Given records
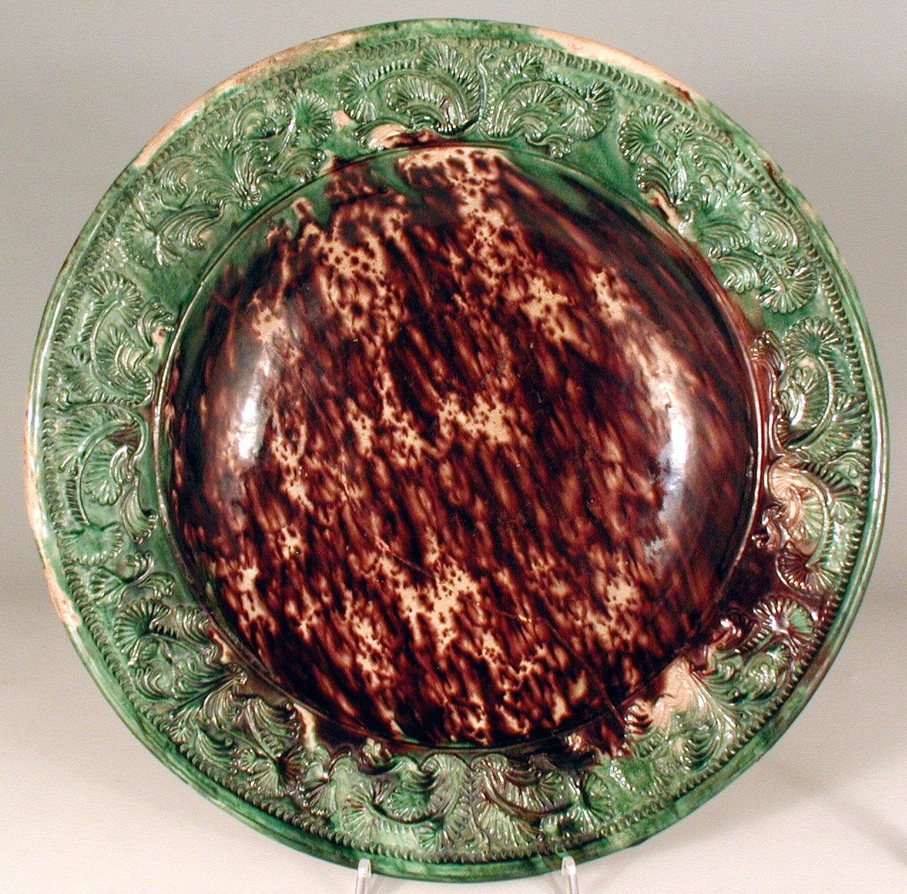 Закладка “Атрибуція” - Наим. предмета, издания: Таріль/Змiн.додаток до назва (лист, ...): Таріль поливаний з рельєфним декором/Змiн. час створення: XIX ст.місце створення, школа: с. ІспікНовый материал: керамікаНовый материал: зелений барвник (сполуки міді)Новый материал: фіолетовий барвник (сполуки марганцю)Новый материал: поливаИзм. техника: Штампований малюнок, нанесений штампом-формоюИзм. техника: полива
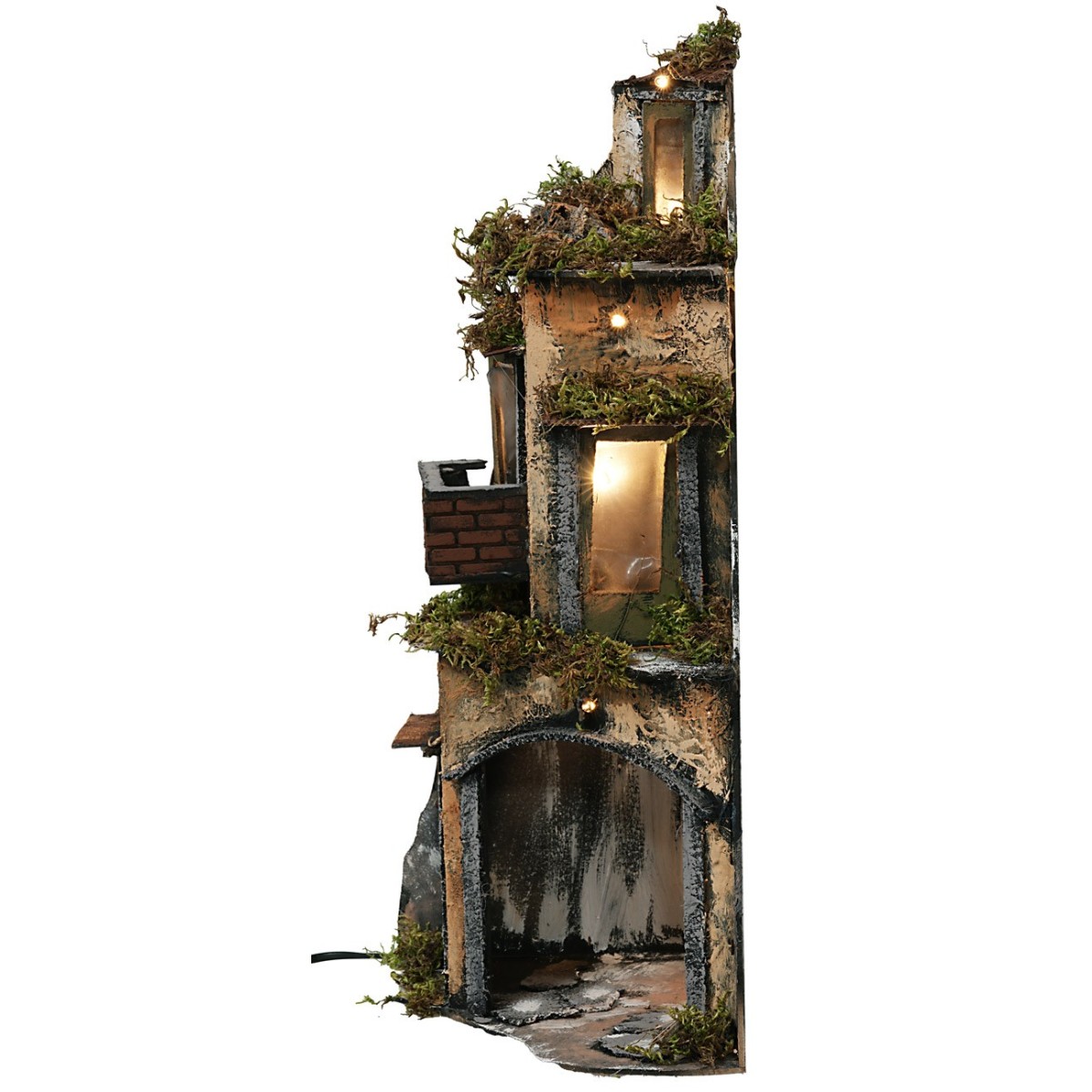 Borgo illuminato in stile napoletano la sua forma a 90° con base semicircolare permette di collocarlo, per esempio, negli angoli del presepe. Al piano inferiore è presente una porta verde affiancata da un grande arco aperto dov'è possibile collocare la Natività o allestire delle botteghe, in quelli superiori si trovano delle portefinestre con ampie vetrate di cui una si affaccia su un grazioso balconcino. L'illuminazione è funzionante a corrente e questo edificio è stato realizzato artigianalmente in Italia con legno, sughero e muschio. L'articolo è consigliato per statue di altezza 10 cm e nei dettagli del prodotto sono disponibili tutte le informazioni relative alle statue da poter abbinare.
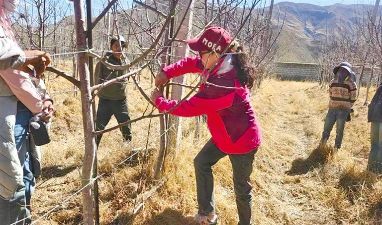 圖為德吉向果農(nóng)演示如何科學(xué)合理修剪蘋果樹。本報(bào)記者 孫開遠(yuǎn) 攝
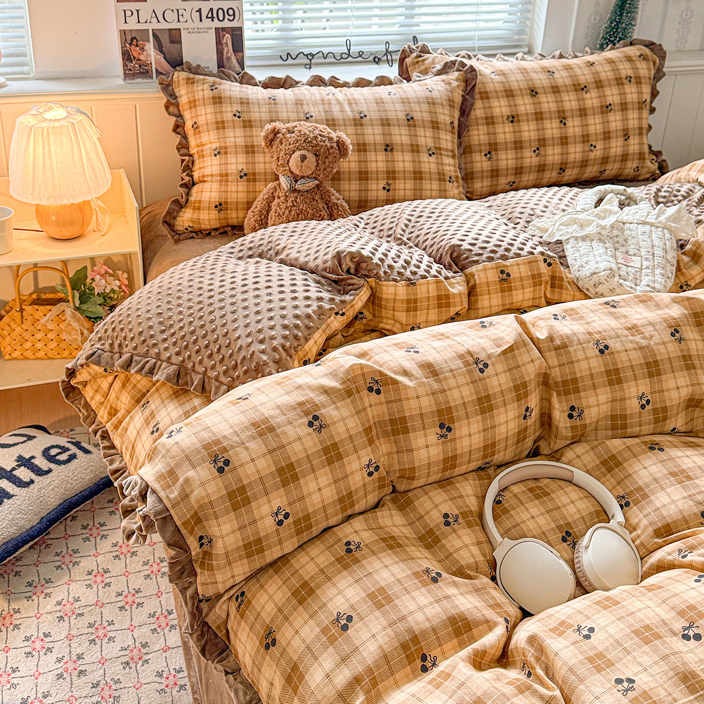 当前位置: 91家纺网 > 商品网购 > 床品套件 > 四件套 > 全棉普通四件套 > 黛馨 2025秋冬新款棉加绒全棉双层纱宝宝绒工艺款花边四件套-花边款 桃夭-花边款
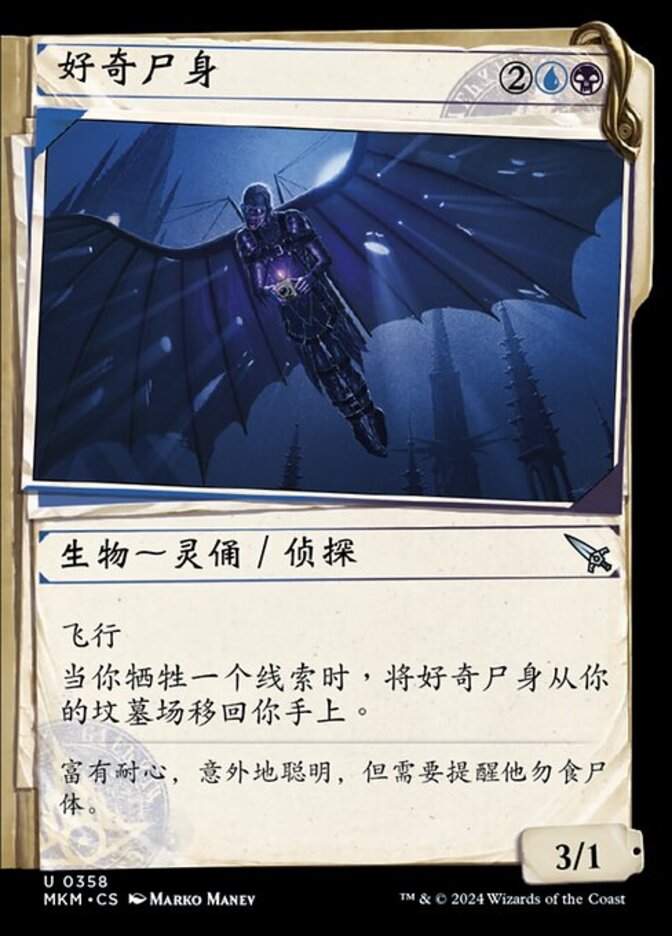 | Rules | Flying When you sacrifice a Clue, return Curious Cadaver from your graveyard to your hand. |
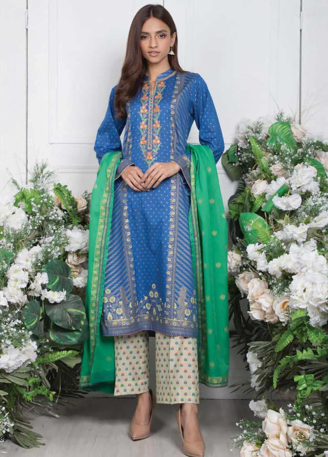 3 Piece Embroidered Lawn Suit Lawn Pearl Printed Shirt Lawn Pearl Printed Dupatta Cambric Printed Pants Embroidered...

Problem description
Your task is to set down every entry exactly, leaving out any picture it contains.

Solution for this exercise
 Закладка “Атрибуція” - Наим. предмета, издания: Таріль/Змiн.додаток до назва (лист, ...): Таріль поливаний з рельєфним декором/Змiн. час створення: XIX ст.місце створення, школа: с. ІспікНовый материал: керамікаНовый материал: зелений барвник (сполуки міді)Новый материал: фіолетовий барвник (сполуки марганцю)Новый материал: поливаИзм. техника: Штампований малюнок, нанесений штампом-формоюИзм. техника: полива
 Borgo illuminato in stile napoletano la sua forma a 90° con base semicircolare permette di collocarlo, per esempio, negli angoli del presepe. Al piano inferiore è presente una porta verde affiancata da un grande arco aperto dov'è possibile collocare la Natività o allestire delle botteghe, in quelli superiori si trovano delle portefinestre con ampie vetrate di cui una si affaccia su un grazioso balconcino. L'illuminazione è funzionante a corrente e questo edificio è stato realizzato artigianalmente in Italia con legno, sughero e muschio. L'articolo è consigliato per statue di altezza 10 cm e nei dettagli del prodotto sono disponibili tutte le informazioni relative alle statue da poter abbinare.
 圖為德吉向果農(nóng)演示如何科學(xué)合理修剪蘋果樹。本報(bào)記者 孫開遠(yuǎn) 攝
 当前位置: 91家纺网 > 商品网购 > 床品套件 > 四件套 > 全棉普通四件套 > 黛馨 2025秋冬新款棉加绒全棉双层纱宝宝绒工艺款花边四件套-花边款 桃夭-花边款
 | Rules | Flying When you sacrifice a Clue, return Curious Cadaver from your graveyard to your hand. |
 3 Piece Embroidered Lawn Suit Lawn Pearl Printed Shirt Lawn Pearl Printed Dupatta Cambric Printed Pants Embroidered...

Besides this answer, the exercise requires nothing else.